INFORMATION SHOWN

········

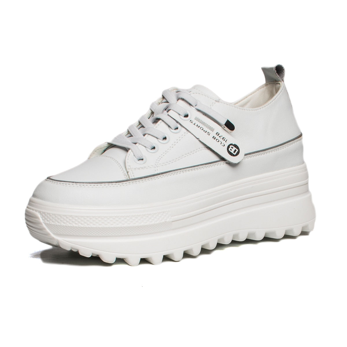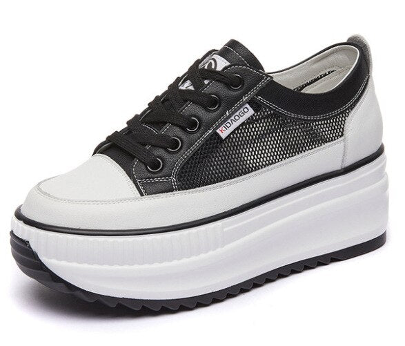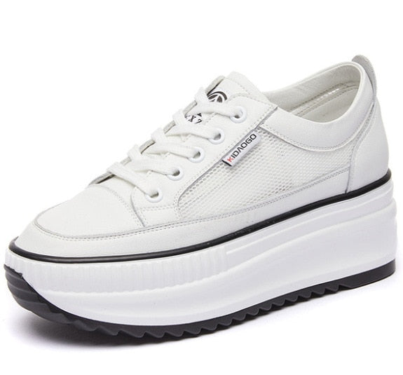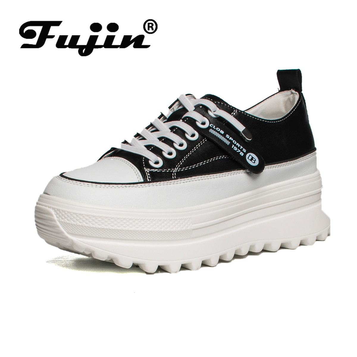 Fujin Genuine Leather 8cm Dad Shoes Chunky Sneakers Platform Heel Wedge Air Mesh Summer Shoes Vulcanized White Sneakers 2021
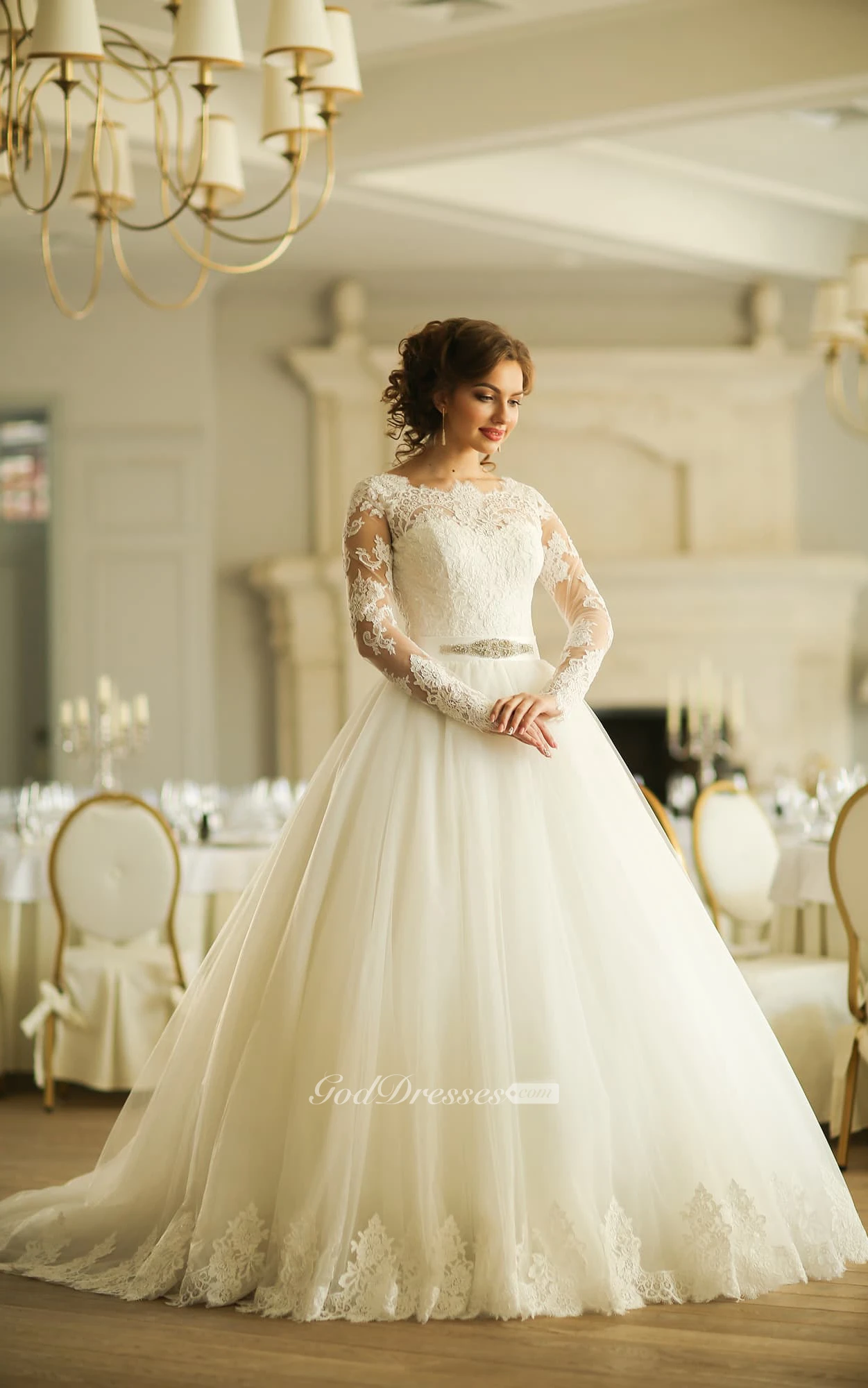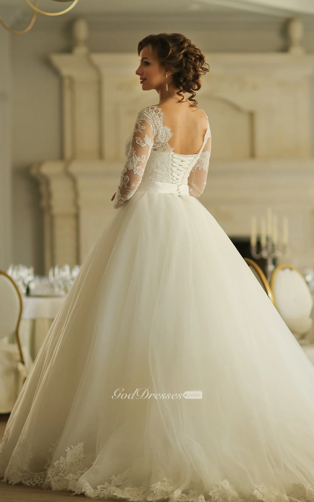 Ball Gown Long Bateau Long-Sleeve Corset-Back Tulle Dress With Appliques And Waist Jewellery
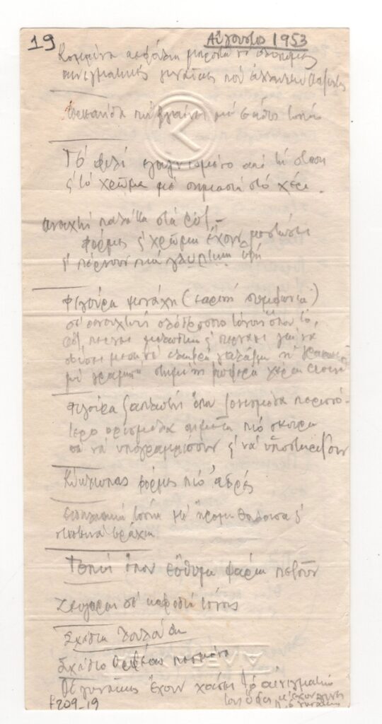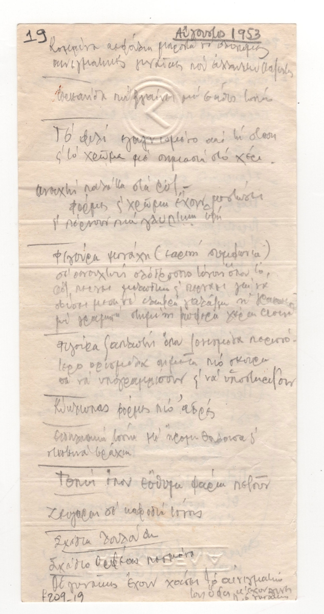 Κείμενο, χειρόγραφο, με μολύβι, στα ελληνικά, σε χαρτί, 18,2×8,2 εκ. Κριτική του Τώνη Σπητέρη για το έργο του καλλιτέχνη με σχολιασμό και συγκεκριμένων έργων. Πιθανόν οι σημειώσεις κρατήθηκαν κατά την επίσκεψη σε έκθεση έργων του καλλιτέχνη. Έχουν καταγραφεί σε χαρτί από πακέτο τσιγάρων της καπνοβιομηχανίας ΚΑΡΕΛΙΑ

········

TASK ITEM
The data above should be restated exactly, with its images dropped.

OUTPUT
 Fujin Genuine Leather 8cm Dad Shoes Chunky Sneakers Platform Heel Wedge Air Mesh Summer Shoes Vulcanized White Sneakers 2021
 Ball Gown Long Bateau Long-Sleeve Corset-Back Tulle Dress With Appliques And Waist Jewellery
 Κείμενο, χειρόγραφο, με μολύβι, στα ελληνικά, σε χαρτί, 18,2×8,2 εκ. Κριτική του Τώνη Σπητέρη για το έργο του καλλιτέχνη με σχολιασμό και συγκεκριμένων έργων. Πιθανόν οι σημειώσεις κρατήθηκαν κατά την επίσκεψη σε έκθεση έργων του καλλιτέχνη. Έχουν καταγραφεί σε χαρτί από πακέτο τσιγάρων της καπνοβιομηχανίας ΚΑΡΕΛΙΑ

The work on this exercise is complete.